Eyes Above The Waves

Robert O'Callahan. Christian. Repatriate Kiwi. Hacker.

Thursday 25 May 2017

A Couple Of Papers About Commodity Multicore Record And Replay, And A Possible Way Forward

Efficient record-and-replay of parallel programs with potential data races on commodity multicore hardware is a holy-grail research problem. I think that the best papers in this area so far, though they're a bit old, are SMP-Revirt and DoublePlay.

DoublePlay is a really interesting approach but I'm skeptical it would work well in practice. Without going into too many details, for parallel applications that scale well the minimum overhead it can obtain is 100%. Obtaining that overhead relies on breaking application execution into epochs that are reasonably long, but externally-visible output must be suppressed within each epoch, which is going to be difficult or impossible to do for many applications. For example, for the Apache Web server they buffer all network output in the kernel during an epoch, but this could cause problematic side effects for a more complicated application.

Therefore I think the SMP-Revirt approach is more robust and more likely to lead to a practical system. This is a fairly simple idea: apply the well-known concurrent-read, exclusive-write (CREW) model at the page level, using hardware page protections to trigger ownership changes. If you imagine a herd of single-threaded processes all sharing a memory block, then each page is mapped read-only in all processes (unowned), or read-write in one process (the owner) and no-access in all the others. When a process writes to a page it doesn't own, a trap occurs and it takes ownership; when it reads from a page that has a different owner, a trap occurs and the page becomes unowned. SMP-Revirt worked at the hypervisor level; dthreads does something similar at user level.

A problem with SMP-Revirt is that when there is a lot of read/write sharing, the overhead of these transitions becomes very high. In the paper, for three of their six benchmarks recording the benchmark with four-core parallelism is slower than just recording on a single core rr-style!

I think it would be quite interesting for someone to implement a page-CREW approach in the Linux kernel.

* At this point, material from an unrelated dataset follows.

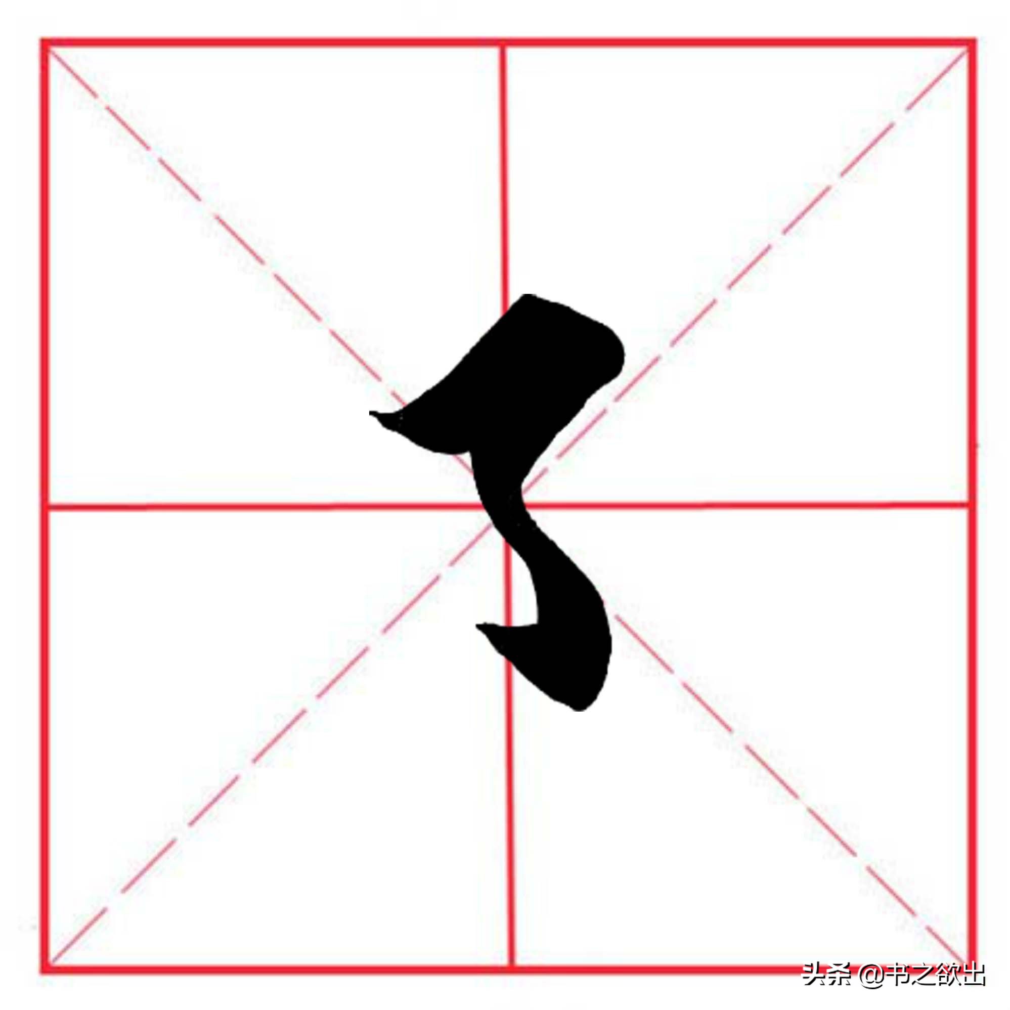 起笔露锋,不要写重,然后向右上大抗肩,不要写长,到转折处向上略提笔锋,利用笔尖写出“上角”,随即位于横画上向右下方顿笔,注意顿笔的角度,然后顺势转锋向左下方写“小撇”,行笔要轻,勿长,到位后笔锋不离纸面,连续向右下方行笔,稍带弧度,笔画渐重,到出钩处折锋向左上方挑笔出锋,出锋勿大。

One of the problems dthreads has is that it forces all threads to be separate processes so they can have distinct memory mappings. Another problem is that mprotect on individual pages creates lots of kernel VMAs. Both of these add overhead. Instead, working in the kernel you could keep the normal process/thread setup and avoid having to create a new VMA when a page assignment changes, storing ownership values (CPU index) in per-page data. Then a page state transition from unowned to owned requires a page fault to the kernel, a change to the ownership value, and a synchronous inter-processor-interrupt to CPUs with a TLB mapping for the page; a transition from owned to unowned (or a different owner) requires just an IPI to the previous owner CPU. These IPIs (and their replies) would carry per-CPU timestamp values that get logged (to per-CPU logs) to ensure the order of ownership changes can be deterministically replayed.

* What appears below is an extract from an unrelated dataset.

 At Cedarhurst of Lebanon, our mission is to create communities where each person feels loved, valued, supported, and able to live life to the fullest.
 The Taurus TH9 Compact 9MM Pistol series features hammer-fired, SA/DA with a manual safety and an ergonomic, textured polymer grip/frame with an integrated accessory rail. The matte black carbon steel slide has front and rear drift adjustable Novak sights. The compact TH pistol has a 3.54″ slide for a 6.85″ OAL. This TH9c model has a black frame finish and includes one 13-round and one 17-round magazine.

Then some interesting questions are: how well does this perform over a range of workloads --- not just the standard parallel benchmarks but applications like Web browsers, memcached, JVMs, etc? Can we detect on-the-fly that some cluster of threads is experiencing severe overhead and degrade gracefully so we're at least no worse than running single-core? Are there other optimizations that we could do? (E.g. the unowned concurrent-read state could be bad for pages that are frequently written, because you have to send an IPI to all CPUs instead of just one when transitioning from unowned to owned; you could avoid that by forcing such pages to always be exclusively owned. When a CPU takes exclusive ownership you might want to block other CPUs from taking ownership away for a short period of time. Etc...) I think one could do quite a bit better than SMP-Revirt --- partly because kernel-level sharing is no longer an issue, since that's no longer being recorded and replayed.

To be clear: I don't want to work on this. I'm a lot more interested in the applications of record-and-replay than the machinery that does it. I want someone else to do it for us :-).

Comments

coder
You can do a similar optimization in JVM at user level. If the heap is small, for a 64bit address space, for each Java thread, you can give them a separate virtual address space that maps to the same physical memory space. Then you put some barriers when comparing references. With this approach, you can protect the virtual page for the thread, and you also can use access informations on the page table. -Xi
Robert
That is a very interesting idea, but it would require instrumenting all memory accesses or at least pointer loads/stores, right?